BLEED FOR THIS Review: Call A TKO On This Boxing Drama

We need this like we need a blow to the head.

Bleed For This is twelve rounds of tedium, a boring boxing movie that draws most of its strength from memories of other, better experiences. “Oh, here's a glimpse of our lead pugilist's mouthy sister? Yeah, that reminds me of The Fighter, which was pretty good. I guess this is good, too?” Maybe that sort of thing will fly when half-watching this on basic cable a few years from now, but as a fall festival premiere hoping to get into the awards season fight, one has to call a TKO.

Writer-director Ben Younger (Boiler Room) can bob and weave a bit, but is ultimately flattened by cliché. Vinny Pazienza (Miles Teller) is a kid with heart. In case that isn't obvious, we get the line “ya got heart, kid,” in the first few minutes. That's the level of originality we're dealing with. Pazienza is determined to win and won't stop at anything, even if each fight lands him in the hospital. After the loss that opens the movie, his manager goes on HBO and says he's done.

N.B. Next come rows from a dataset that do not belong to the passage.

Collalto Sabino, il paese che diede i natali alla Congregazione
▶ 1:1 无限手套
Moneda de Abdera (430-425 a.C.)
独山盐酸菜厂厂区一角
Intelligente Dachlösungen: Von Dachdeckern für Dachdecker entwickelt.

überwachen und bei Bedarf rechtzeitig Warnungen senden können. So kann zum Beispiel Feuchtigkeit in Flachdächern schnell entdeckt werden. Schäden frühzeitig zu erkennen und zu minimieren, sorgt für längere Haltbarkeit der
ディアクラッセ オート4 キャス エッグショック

But Pazeinza and his father (Ciarán Hinds, hiding behind chunky sunglasses and trading his Irish brogue for thick a Providence, Rhode Island Italian-American patois) demand one last shot. Not far away in upstate New York is the disgraced trainer Kevin Rooney, played by Aaron Eckhart with a beer gut and bald head. Rooney is the man who worked with the young Mike Tyson, but is now on the outs thanks to the bottle.

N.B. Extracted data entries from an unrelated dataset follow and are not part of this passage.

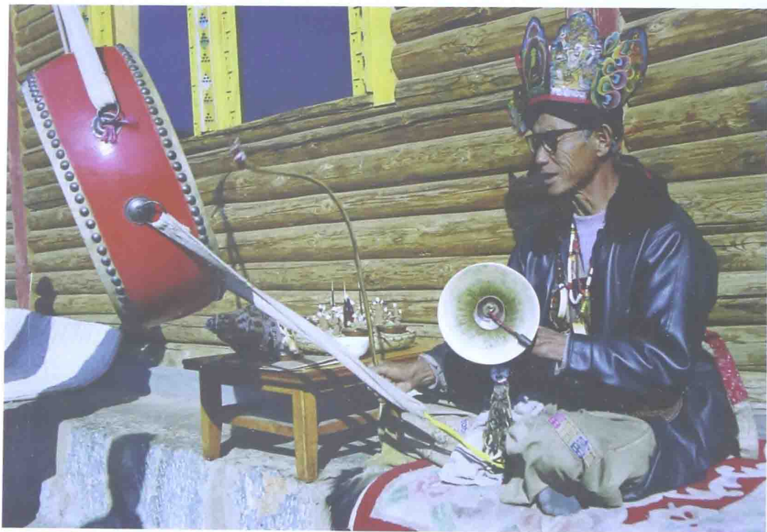
达巴：摩梭人的智者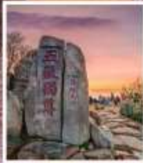
หินแกะสลักในสมัย ราชวงศ์ถัง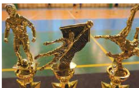
Nagrody dla zwycięzców Turnieju Piłki Nożnej organizowanego przez AHNS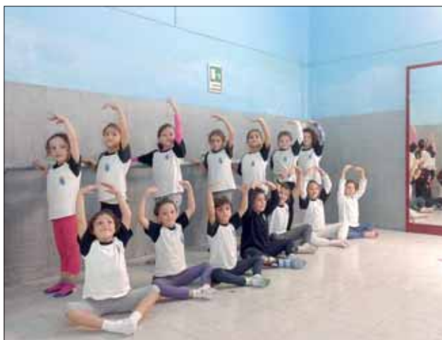
Le allieve della Scuola durante una lezione di danza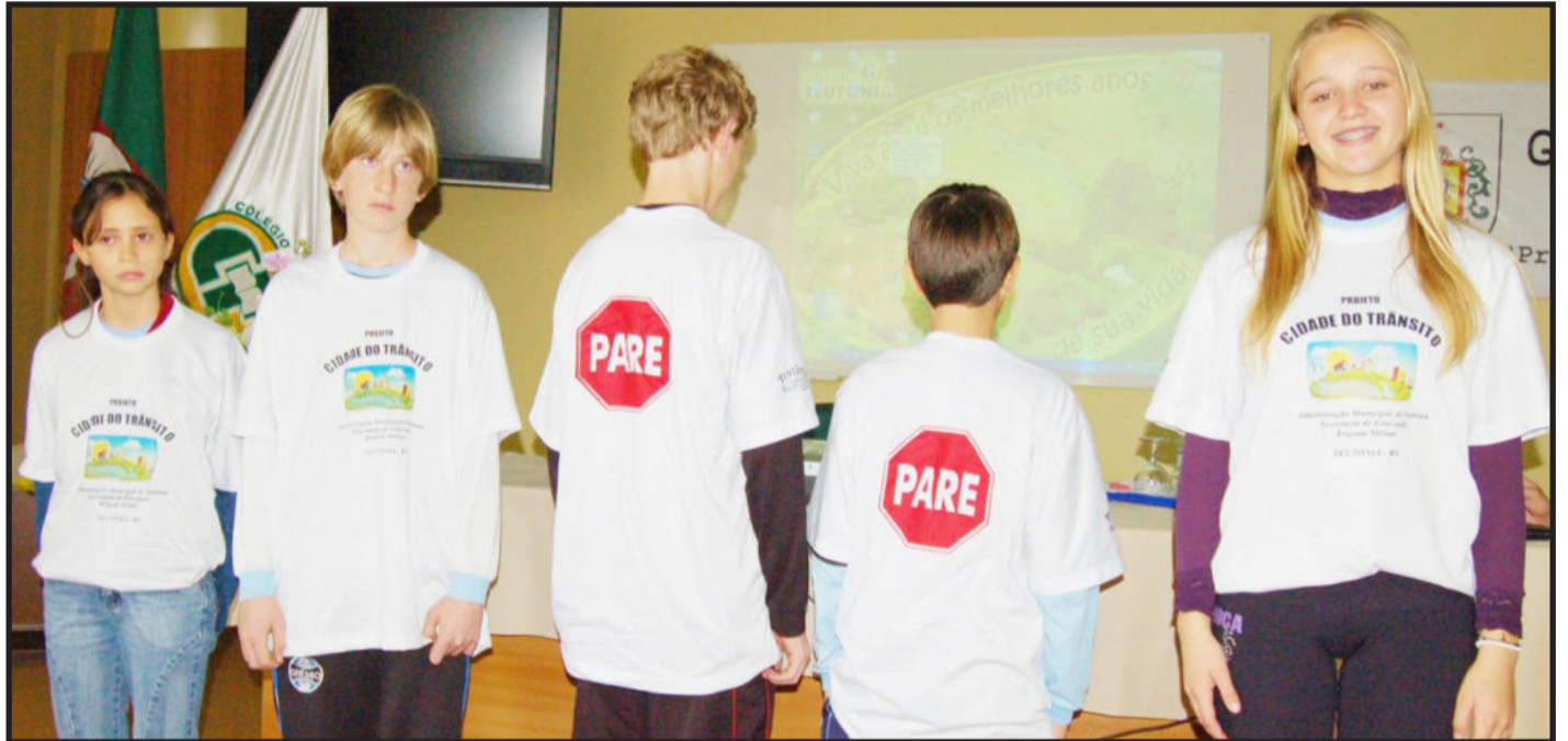
Projeto Cidade do Trânsito foi lançado ontem, envolvendo alunos e comunidade na redução de acidentes nas rodovias e ruas do Município. Páginas 12 e 13

Yes, when I say Mike Tyson I mean the real Mike Tyson. Bleed For This is based on a true story, which is both a blessing and a curse. It means that, when you step away for a moment, you recognize not all that much happens in the story. But to its benefit you can say, “wow, that sure is something.”

The “sure is something” comes after the big fight. Pazienza wins, but days later he's in a horrible car accident. It's a miracle he's alive. The doctors say the safest bet to ensure he'll be able to walk would be to fuse his neck to his spine. But this means he'll never fight again. So he chooses the far more risky and painful “halo” surgery, which means putting a giant crown of screws around his head for six months. As such, Miles Teller looks like a cross between Frankenstein's Monster and a crucified Jesus for most of the picture.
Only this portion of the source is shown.